# The Wheelchair



## Vmlopes (Jan 8, 2012)

........


----------



## Big D Cro (Feb 4, 2011)

Creepy atmosphere and interesting PP.


----------



## Culainn (Sep 2, 2009)

Great photography. Top Job!


----------



## The Cueball (Feb 8, 2007)

That creeps the s**t out of me for some reason....

spooky.... good pic though....

:thumb:


----------



## slim_boy_fat (Jun 23, 2006)

Looks to have been taken where the Adamms Family live......:wave:


----------



## ITHAQVA (Feb 20, 2011)

That Chair reminds me of the film "Session 9" :thumb:


----------



## AaronGTi (Nov 2, 2010)

Reminds me of texas chainsaw where they go in to the house n that creepy old guy is spinning about on a wheel chair.


----------



## Duke Wellington (Dec 1, 2009)

I like the image very much, the atmospheric feeling and the detail, a very good bit of HDR work there.

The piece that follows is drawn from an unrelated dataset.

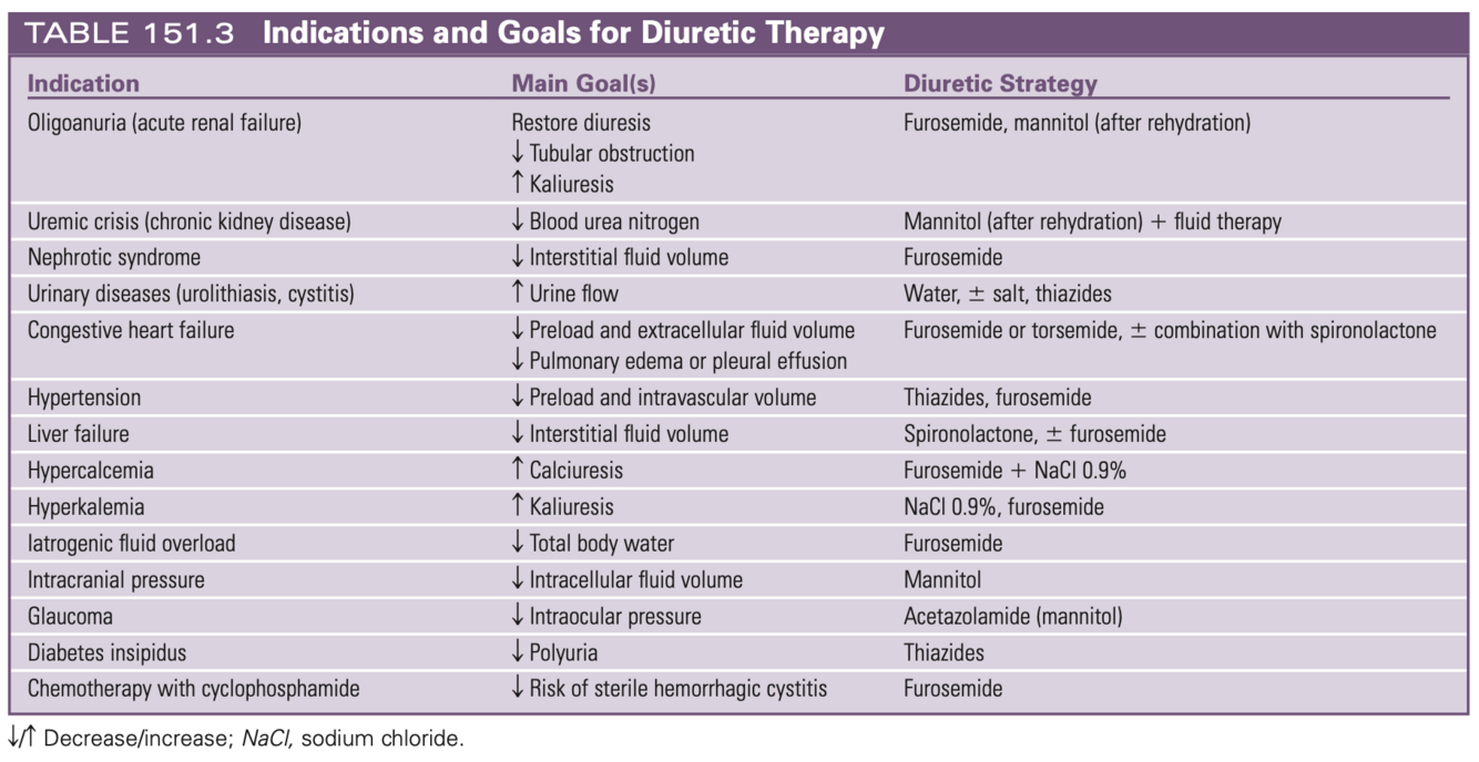 Name 14 indication for diuretic use and the goal of diuretic use.

I see it was processed by MACHINERY, not used it must have a look at this.


----------



## NickTB (Feb 4, 2007)

Really like this. I love the almost cartoon feel of the HDR. And a good angle too


----------



## bigmc (Mar 22, 2010)

Looks like something from House on Haunted hill.


----------



## B2ONGO (May 5, 2011)

I was noseying around some flickr groups like "abandoned and urban exploration" the other day and found a few images in this style. 

Really like them and this ones a cracker - great work.


----------



## pooma (Apr 12, 2008)

Cracking shot, I'm liking your style of photography, keep 'em coming:thumb:


----------



## Brazo (Oct 27, 2005)

For me this moves into the realm of digital art rather than photography, I can however appreciate the work that would of gone into it.


----------



## vectra ed (Feb 4, 2006)

Hi there, Vmlopes, a familiar face. Recognised elsewhere. Super photo.


----------



## Vmlopes (Jan 8, 2012)

vectra ed said:


> Hi there, Vmlopes, a familiar face. Recognised elsewhere. Super photo.


Go on enlighten me??


----------



## Buck (Jan 16, 2008)

Very interesting processing


----------



## gibzy (Feb 25, 2011)

Excellent photo, ive already seen it over on the photography-forum.

well done


----------



## MR Ray (Jun 29, 2007)

Where's the photo gone?


----------